### Data below
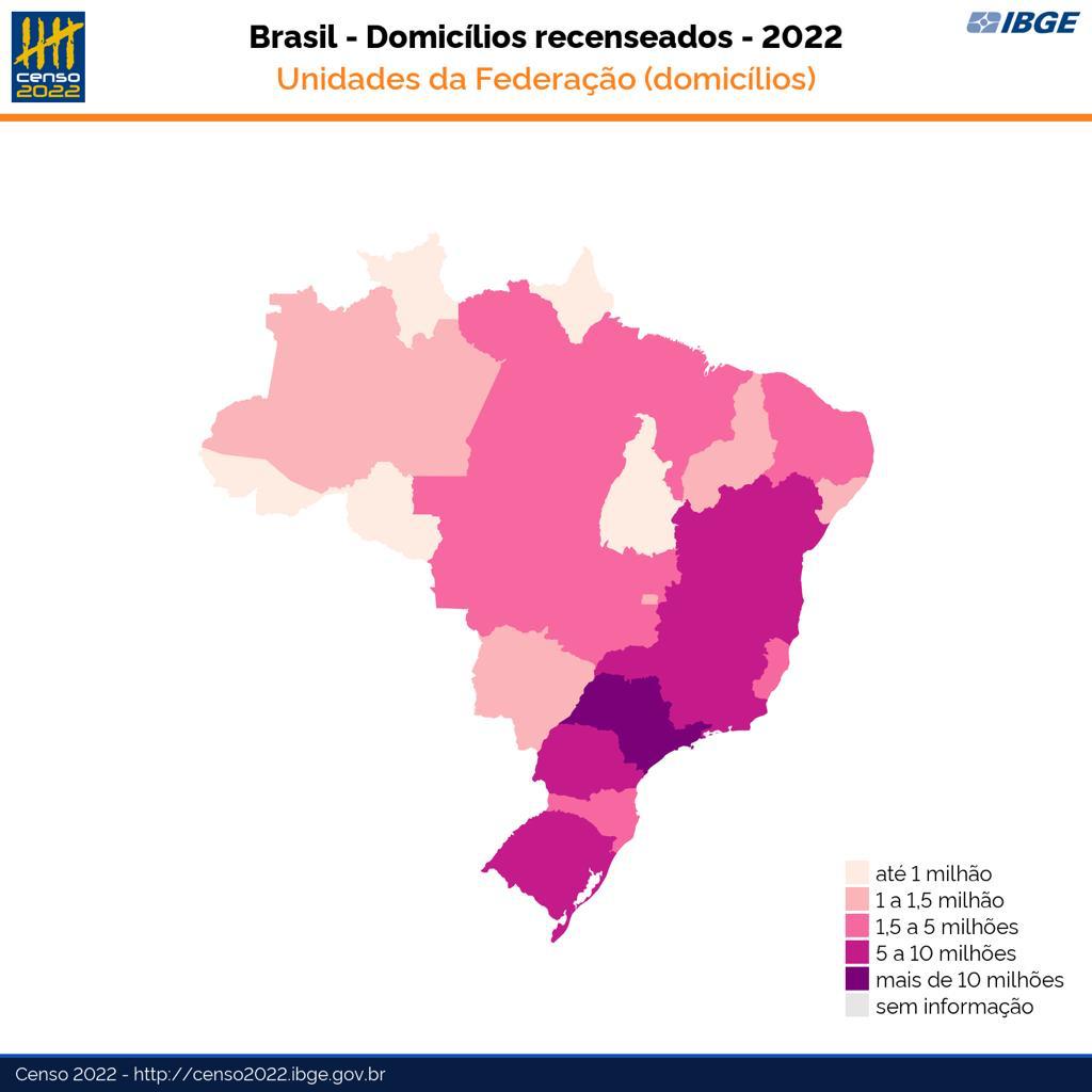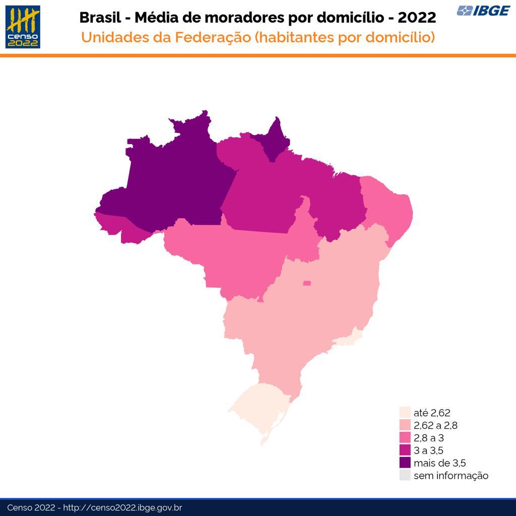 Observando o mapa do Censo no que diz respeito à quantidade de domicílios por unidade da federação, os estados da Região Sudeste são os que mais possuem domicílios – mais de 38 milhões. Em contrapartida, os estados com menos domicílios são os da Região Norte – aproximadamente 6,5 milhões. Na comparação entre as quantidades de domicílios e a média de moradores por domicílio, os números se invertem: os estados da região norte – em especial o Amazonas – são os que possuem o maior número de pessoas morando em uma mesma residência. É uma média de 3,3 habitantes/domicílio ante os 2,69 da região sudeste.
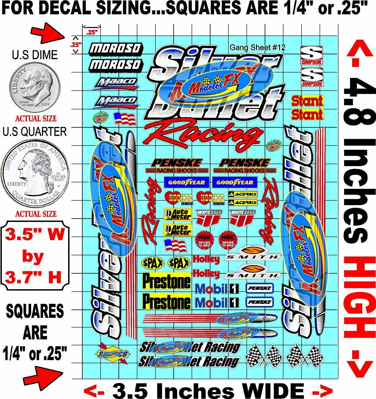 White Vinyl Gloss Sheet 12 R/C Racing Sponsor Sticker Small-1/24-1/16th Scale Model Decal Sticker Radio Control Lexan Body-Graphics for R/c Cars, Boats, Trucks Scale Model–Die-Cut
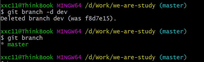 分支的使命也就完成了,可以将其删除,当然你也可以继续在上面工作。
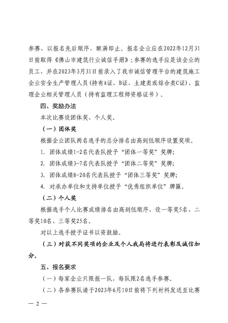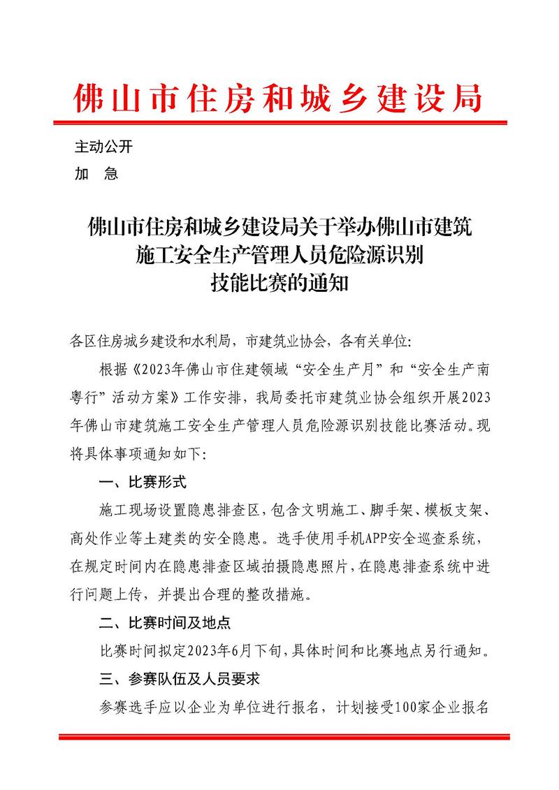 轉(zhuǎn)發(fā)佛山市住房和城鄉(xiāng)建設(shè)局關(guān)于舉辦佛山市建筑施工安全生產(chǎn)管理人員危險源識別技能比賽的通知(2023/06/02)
######
Task objective -
Leave out the images and copy all remaining data word for word.

The answer -
 Observando o mapa do Censo no que diz respeito à quantidade de domicílios por unidade da federação, os estados da Região Sudeste são os que mais possuem domicílios – mais de 38 milhões. Em contrapartida, os estados com menos domicílios são os da Região Norte – aproximadamente 6,5 milhões. Na comparação entre as quantidades de domicílios e a média de moradores por domicílio, os números se invertem: os estados da região norte – em especial o Amazonas – são os que possuem o maior número de pessoas morando em uma mesma residência. É uma média de 3,3 habitantes/domicílio ante os 2,69 da região sudeste.
 White Vinyl Gloss Sheet 12 R/C Racing Sponsor Sticker Small-1/24-1/16th Scale Model Decal Sticker Radio Control Lexan Body-Graphics for R/c Cars, Boats, Trucks Scale Model–Die-Cut
 分支的使命也就完成了,可以将其删除,当然你也可以继续在上面工作。
 轉(zhuǎn)發(fā)佛山市住房和城鄉(xiāng)建設(shè)局關(guān)于舉辦佛山市建筑施工安全生產(chǎn)管理人員危險源識別技能比賽的通知(2023/06/02)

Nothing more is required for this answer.